Jan 25, 2019

Choose wisely

The story

You broaden your work appeal by adding more lines to your CV, and pharma companies broaden their market by finding new uses for existing drugs. Can SGLT2 inhibitors prevent cardiovascular disease?

The background

In the crowded field of hypoglycemic agents for type 2 diabetes (T2D), SGLT2 inhibitors stand out for their ease of use – the daily pills are well-tolerated and place patients at little risk of hypoglycemia – and pleiotropic effects. The meds, which increase glucose excretion from the kidneys, improved cardiovascular and renal outcomes in 2 large trials of patients with established CV disease: 2015’s EMPA-REG OUTCOME and 2017’s CANVAS. A move to the primary prevention setting, where patients are at high risk but have not yet had a CV event, was a natural next step. 

The study

DECLARE-TIMI 58 compared SGLT2-inhibitor dapagliflozin to placebo in 17,000 patients with T2D at high risk for atherosclerotic disease. After median follow-up of 4 years, no difference was seen in the rate of major adverse CV events (MACE), but dapagliflozin produced a lower rate of death or hospitalization for heart failure (4.9% vs. 5.8%) driven mostly by fewer hospitalizations. The treatment group also saw fewer renal events (4.3% vs. 5.6%). Some adverse events seen in other SGLT2 trials, including an excess risk of amputation and fracture seen in CANVAS, were not seen here, suggesting they may have been due to chance.

The takeaway

DECLARE is the largest SGLT2 trial to date and shows a strong benefit for dapagliflozin in heart failure and CKD. For T2D patients at high risk of atherosclerotic disease, GLP-1 agonists like liraglutide may be a better choice.

Say it on rounds

When you schedule vacation between gen med and the ICU

It's all about the right mix.
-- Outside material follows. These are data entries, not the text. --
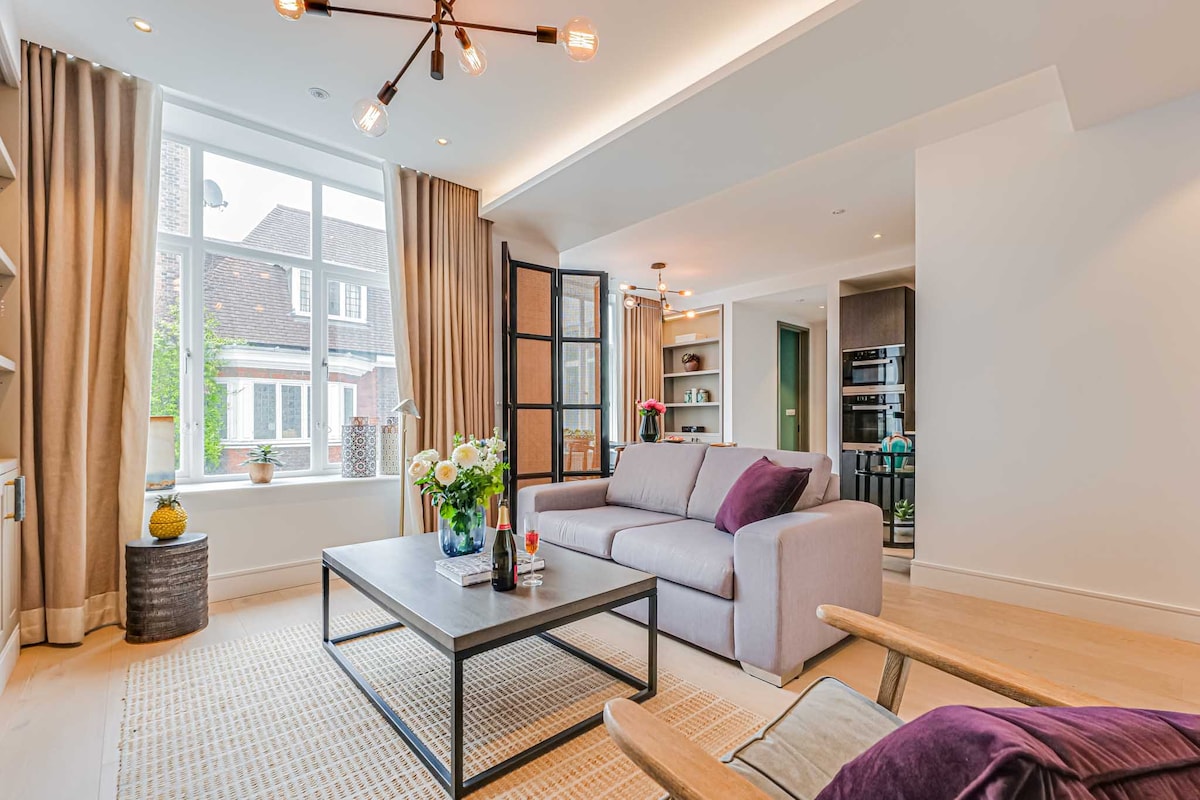 平均评分 4.98 分(满分 5 分),共 40 条评价时尚2卧2卫宽敞公寓,位于南肯辛顿
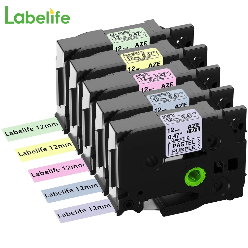 5PK Mixed Pale Color Matt Tapes TZe-MQF31 Pastel Purple Compatible for Brother P-Touch PT-D210 Label Printer MQE31 MQ531 MQY31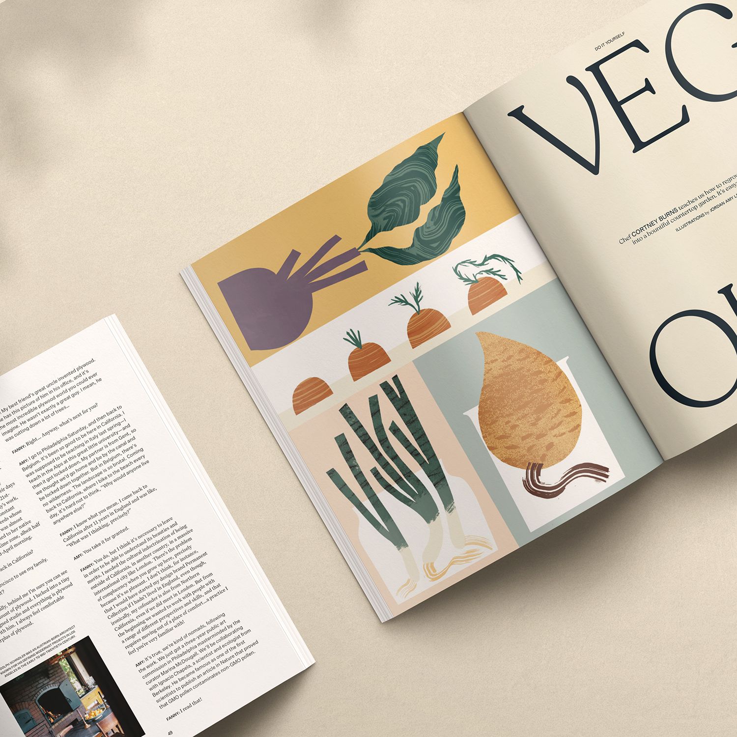 Launched by sustainable food subscription brand Alltrue, All Good Things is a quarterly print magazine dedicated entirely to conscious and sustainable living. The magazine is included in each seasonal Alltrue box with Jordan designing the covers and illustrations accompanying the features for the summer 2021 release.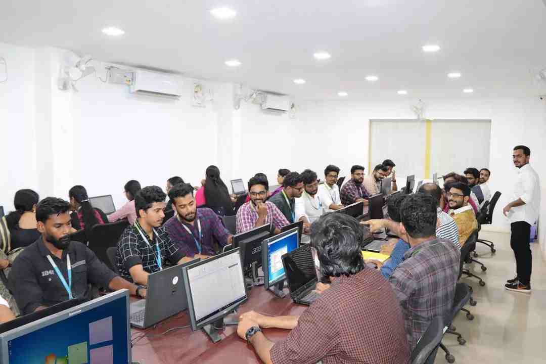 在位于 Kumaramputhur 地区的 Infolks 办公室内,Kolasseri 与他的团队成员们正在交流互动 | 图片来源:FactorDaily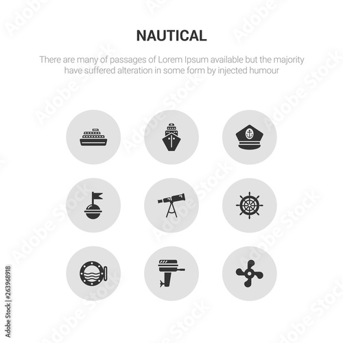 9 round vector icons such as boat screw, boat engine, boat porthole, steering wheel, telescope contains buoy, captain hat, cargo ship front view, cruise ship. screw, engine, icon3_, gray nautical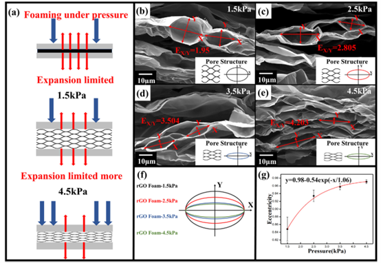 (e) 在4.5 kPa壓力下制備的rGO泡沫截面SEM圖像;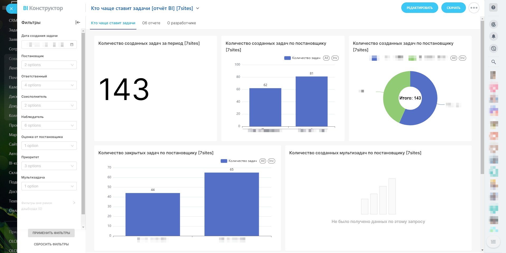 Задачи не только выполняют, но и кто-то эти задачи ставит. Давайте посмотрим кто это любит делать чаще, а кто реже благодаря следующим показателям: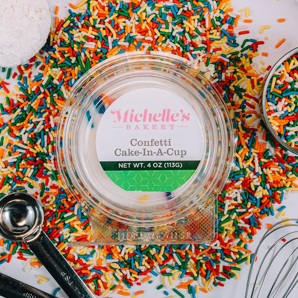 Ingredients: Buttercream Icing (sugar, palm oil, water, canola oil, cottonseed oil, cornstarch, mono- and diglycerides, contains 2% or less of: artificial flavor, citric acid, polysorbate 60, preservatives (potassium sorbate, sorbic acid), salt), Cake Base (sugar, enriched wheat flour bleached (flour, niacin, iron, thiamine mononitrate, riboflavin, folic acid), egg whites, soybean oil, propylene glycol mono- and diesters of fatty acids, leavening (baking soda, sodium acid pyrophosphate, sodium aluminum phosphate, monocalcium phosphate, aluminum sulfate), contains 2% or less of: cellulose gum, dextrose, egg yolks, food starch-modified, mono & diglycerides, natural and artificial flavor, nonfat milk, polysorbate 60, salt, sorbitan monostearate, soy lecithin, xanthan gum), WATER, Sprinkles (sugar, hydrogenated palm kernel oil, corn starch, sunflower lecithin, fd&c colors (yellow #6 lake, yellow #5 lake, blue #1 lake, red #40 lake, red #3 dye), maltodextrin, carnauba wax, vanillin, cellulose gum), Soybean Oil, Potassium Sorbate Contains: Egg, Milk, Soy, Wheat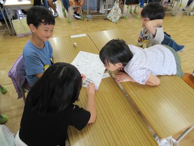 1年生 「夏の思い出すごろく」をグループごとに楽しみました。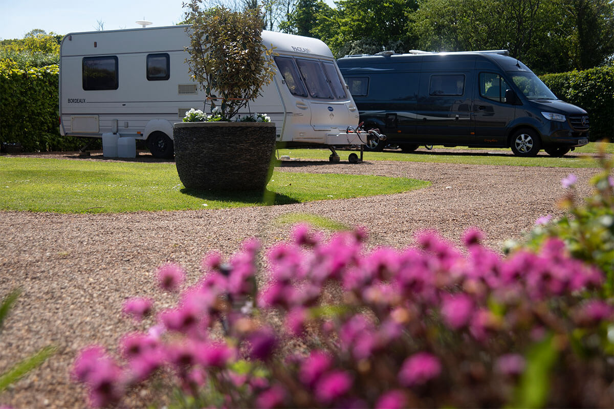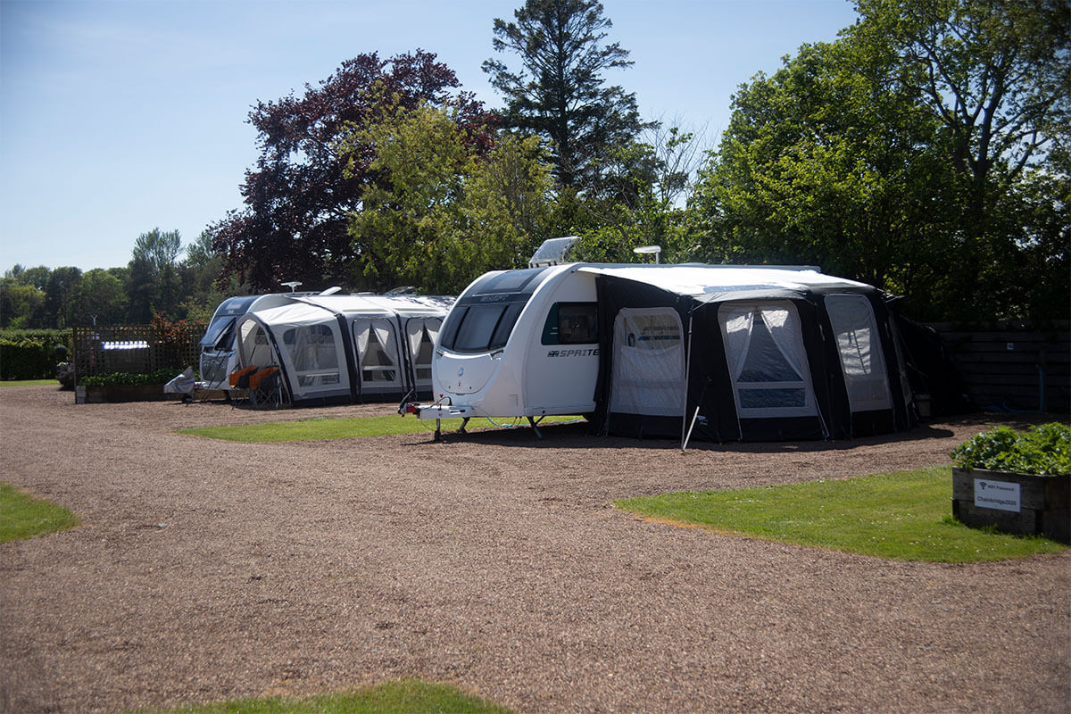 Our peaceful, adults only site, is tucked away on the south bank of the river Tweed, just inland from Northumberland's magnificent sandy beaches and rugged coastline. We have 16 large, level, hardstanding pitches, for caravans and motorhomes. Each pitch is supplied with its own electric and water point.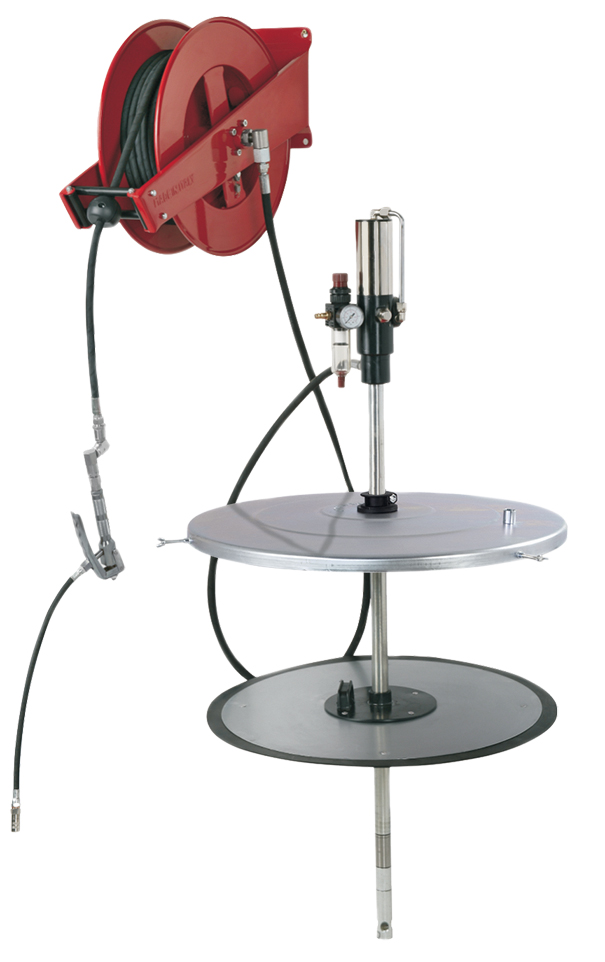Комплект для пневматической раздачи смазок подходит для бочек 180 кг и может использоваться как в помещениях, так и вне помещений. Максимально достигаемое давление 400 бар.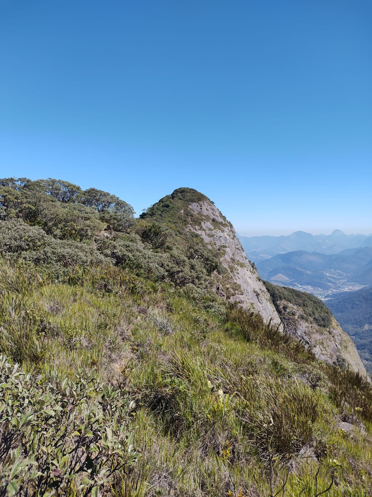 Aproveitamos uma laje de pedra para descansar, hidratar e fazer um pequeno lanche. Ao lado de onde estávamos, havia um livro de cume que assinamos e pudemos comprovar a baixa visitação dessa trilha. De onde estávamos, podíamos ver o que ainda teríamos que encarar: o Nariz e o Queixo. Ficamos cerca de 15 minutos descansando antes de voltar a caminhar.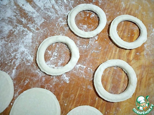 Из раскатанного теста выдавливаем кружки нужного вам размера.

Though most colonic bacteria are obligate anaerobes, previous trials of fecal matter transplant (FMT) in ulcerative colitis (UC) used aerobically prepared stool. An RCT of 70 patients with active UC found that 32% of patients who received FMT with anaerobically-prepared pooled donor stool achieved clinical remission at 8 weeks compared to 9% of patients in an autologous stool control group. The anaerobic treatment (one colonoscopy and two enemas) was given over 1 week and may be much more feasible than high intensity aerobic regimens (5 enemas per week for 8 weeks).

When your patient has 14 listed phone numbers

Here's hoping that one of them works. And here’s hoping your P. vivax patient will comply with 14 days of treatment with primaquine. The lengthy med regimen is necessary to eradicate dormant parasites in the liver but suffers from poor compliance. A phase 3 RCT of 520 patients with P. vivax malaria found that single-dose tafenoquine, a long-acting primaquine derivative, was similarly safe and effective compared to longer primaquine treatment. Tafenoquine can cause severe bleeding in patients with G6PD deficiency, and field-ready G6PD testing remains a barrier to widespread use.

When your pager could be anywhere

Let the search begin. About half of recurrent hormone-receptor positive breast cancers occur 5 years after initial diagnosis, so finding markers for late relapse is key. An analysis of 350 patients previously treated for high-risk localized disease found that identification of circulating tumor cells (CTCs) in the blood between 4 - 7 years after treatment was highly predictive of late recurrence. A positive CTC assay, which separates tumor cells from other blood cells based on epithelial surface markers (see technical video here), was associated with a 13-fold increased risk of recurrence within 3 years.

Brush up

Interstitial lung disease (ILD)

Lung exams shouldn't sound like snap, crackle, pop. Consider ILD in patients with a years-long history of dyspnea and dry cough or velcro-like crackles on physical exam. Work up includes spirometry, diffusing capacity of the lung for carbon monoxide (DLCO), and a high-res chest CT. If no causative disorder is found, idiopathic pulmonary fibrosis can be diagnosed based on characteristic histological patterns seen on imaging, namely bilateral reticulations in the lower lung fields.

What's the evidence

For pharmacologic management of IPF? Two 2014 trials introduced new therapies that slow disease progression. Both nintedanib, a tyrosine kinase inhibitor, and pirfenidone, an oral antifibrotic, slowed the rate of forced vital capacity (FVC) decline by about 50% over the course of a year in IPF patients. The meds also reduce severe respiratory events like acute exacerbations and may have a small mortality benefit. Unfortunately, prognosis for IPF remains poor with a median life expectancy of about 4 years.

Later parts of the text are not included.